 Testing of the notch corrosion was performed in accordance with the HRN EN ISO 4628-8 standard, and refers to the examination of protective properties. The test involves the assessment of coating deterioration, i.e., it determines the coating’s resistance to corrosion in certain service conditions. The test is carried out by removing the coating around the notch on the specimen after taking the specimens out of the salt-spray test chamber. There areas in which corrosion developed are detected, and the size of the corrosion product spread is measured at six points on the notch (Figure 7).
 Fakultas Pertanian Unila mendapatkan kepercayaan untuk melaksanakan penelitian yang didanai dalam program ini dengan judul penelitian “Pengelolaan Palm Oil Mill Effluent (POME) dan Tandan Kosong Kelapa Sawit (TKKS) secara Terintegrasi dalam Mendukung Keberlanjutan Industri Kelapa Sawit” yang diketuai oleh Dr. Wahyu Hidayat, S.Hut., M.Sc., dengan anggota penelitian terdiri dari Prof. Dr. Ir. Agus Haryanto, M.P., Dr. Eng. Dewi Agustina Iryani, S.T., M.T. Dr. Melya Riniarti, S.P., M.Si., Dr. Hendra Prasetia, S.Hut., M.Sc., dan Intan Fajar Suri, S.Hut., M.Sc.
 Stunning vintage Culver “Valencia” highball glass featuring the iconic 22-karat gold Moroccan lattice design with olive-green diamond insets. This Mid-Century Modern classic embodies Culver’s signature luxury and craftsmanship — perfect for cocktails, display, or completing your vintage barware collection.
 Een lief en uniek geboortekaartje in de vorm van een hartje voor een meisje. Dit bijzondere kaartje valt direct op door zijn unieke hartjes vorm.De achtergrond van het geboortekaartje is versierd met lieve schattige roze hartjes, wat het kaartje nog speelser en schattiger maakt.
::::::
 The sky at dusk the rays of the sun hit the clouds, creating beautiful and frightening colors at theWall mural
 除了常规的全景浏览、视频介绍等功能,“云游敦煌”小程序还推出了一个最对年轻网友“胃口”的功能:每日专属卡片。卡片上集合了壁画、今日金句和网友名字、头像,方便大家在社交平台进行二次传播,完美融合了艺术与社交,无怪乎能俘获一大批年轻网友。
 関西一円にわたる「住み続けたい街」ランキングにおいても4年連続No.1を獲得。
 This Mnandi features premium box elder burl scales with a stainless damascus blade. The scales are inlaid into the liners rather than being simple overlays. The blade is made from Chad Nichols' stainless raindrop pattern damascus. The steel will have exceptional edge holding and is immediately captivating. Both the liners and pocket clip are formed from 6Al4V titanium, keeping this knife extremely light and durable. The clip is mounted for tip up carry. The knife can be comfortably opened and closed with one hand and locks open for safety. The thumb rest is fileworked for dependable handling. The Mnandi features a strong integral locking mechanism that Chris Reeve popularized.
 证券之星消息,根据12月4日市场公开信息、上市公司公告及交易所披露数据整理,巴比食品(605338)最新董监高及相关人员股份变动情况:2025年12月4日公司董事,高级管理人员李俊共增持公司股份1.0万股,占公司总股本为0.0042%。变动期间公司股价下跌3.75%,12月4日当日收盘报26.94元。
::::::
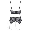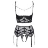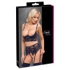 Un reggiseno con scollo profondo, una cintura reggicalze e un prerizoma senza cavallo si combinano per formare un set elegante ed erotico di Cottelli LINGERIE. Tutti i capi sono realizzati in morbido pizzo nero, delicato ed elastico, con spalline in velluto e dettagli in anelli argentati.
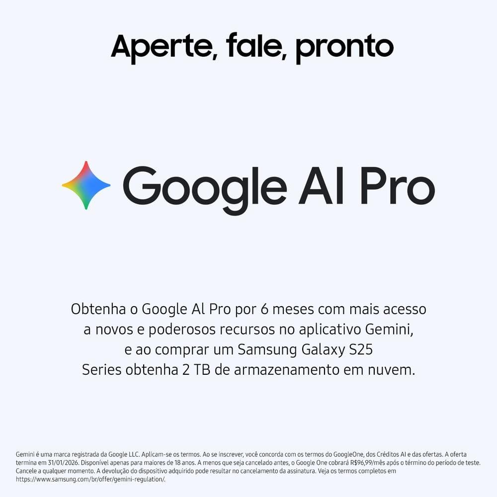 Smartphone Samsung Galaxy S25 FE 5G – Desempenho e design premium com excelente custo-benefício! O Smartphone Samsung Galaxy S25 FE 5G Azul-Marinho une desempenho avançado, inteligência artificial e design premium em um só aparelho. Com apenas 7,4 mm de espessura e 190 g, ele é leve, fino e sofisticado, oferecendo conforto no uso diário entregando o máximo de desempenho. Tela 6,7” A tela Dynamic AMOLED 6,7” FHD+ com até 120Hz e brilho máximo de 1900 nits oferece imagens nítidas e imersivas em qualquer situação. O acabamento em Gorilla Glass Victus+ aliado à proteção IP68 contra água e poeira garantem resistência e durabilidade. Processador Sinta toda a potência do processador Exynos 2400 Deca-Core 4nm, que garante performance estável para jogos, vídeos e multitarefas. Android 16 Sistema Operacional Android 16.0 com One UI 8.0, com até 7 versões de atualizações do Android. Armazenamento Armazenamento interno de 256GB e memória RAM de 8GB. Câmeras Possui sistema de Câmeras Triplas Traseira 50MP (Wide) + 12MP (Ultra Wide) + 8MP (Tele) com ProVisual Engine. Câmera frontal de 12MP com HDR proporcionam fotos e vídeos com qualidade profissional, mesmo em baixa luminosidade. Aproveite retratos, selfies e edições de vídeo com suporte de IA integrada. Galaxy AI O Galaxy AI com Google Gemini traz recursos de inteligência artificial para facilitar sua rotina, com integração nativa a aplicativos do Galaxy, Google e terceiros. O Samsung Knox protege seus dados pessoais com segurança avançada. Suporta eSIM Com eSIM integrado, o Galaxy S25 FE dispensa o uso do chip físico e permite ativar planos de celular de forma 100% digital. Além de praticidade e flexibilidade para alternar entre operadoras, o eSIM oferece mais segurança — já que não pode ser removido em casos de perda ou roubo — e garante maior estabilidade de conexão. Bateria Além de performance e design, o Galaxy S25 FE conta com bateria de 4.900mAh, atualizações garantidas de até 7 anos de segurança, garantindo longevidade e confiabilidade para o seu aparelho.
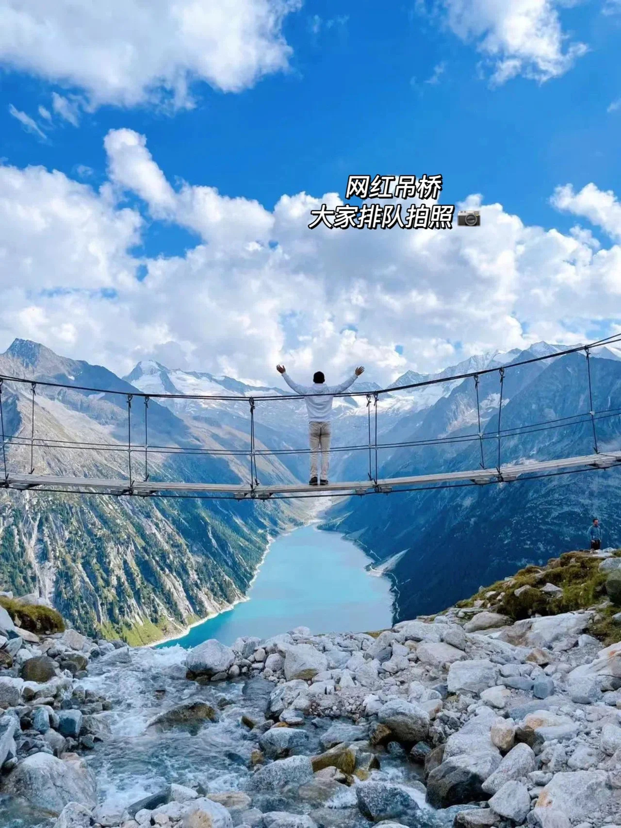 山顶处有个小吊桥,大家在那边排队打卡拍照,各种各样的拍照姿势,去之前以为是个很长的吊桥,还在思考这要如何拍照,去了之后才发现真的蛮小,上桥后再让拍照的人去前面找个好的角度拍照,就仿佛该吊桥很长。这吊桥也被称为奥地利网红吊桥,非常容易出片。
::::::
» **Action item**: What lines in the material include the string "This"? Pull each one out.

» **Solution to the problem**:
 Stunning vintage Culver “Valencia” highball glass featuring the iconic 22-karat gold Moroccan lattice design with olive-green diamond insets. This Mid-Century Modern classic embodies Culver’s signature luxury and craftsmanship — perfect for cocktails, display, or completing your vintage barware collection.
 This Mnandi features premium box elder burl scales with a stainless damascus blade. The scales are inlaid into the liners rather than being simple overlays. The blade is made from Chad Nichols' stainless raindrop pattern damascus. The steel will have exceptional edge holding and is immediately captivating. Both the liners and pocket clip are formed from 6Al4V titanium, keeping this knife extremely light and durable. The clip is mounted for tip up carry. The knife can be comfortably opened and closed with one hand and locks open for safety. The thumb rest is fileworked for dependable handling. The Mnandi features a strong integral locking mechanism that Chris Reeve popularized.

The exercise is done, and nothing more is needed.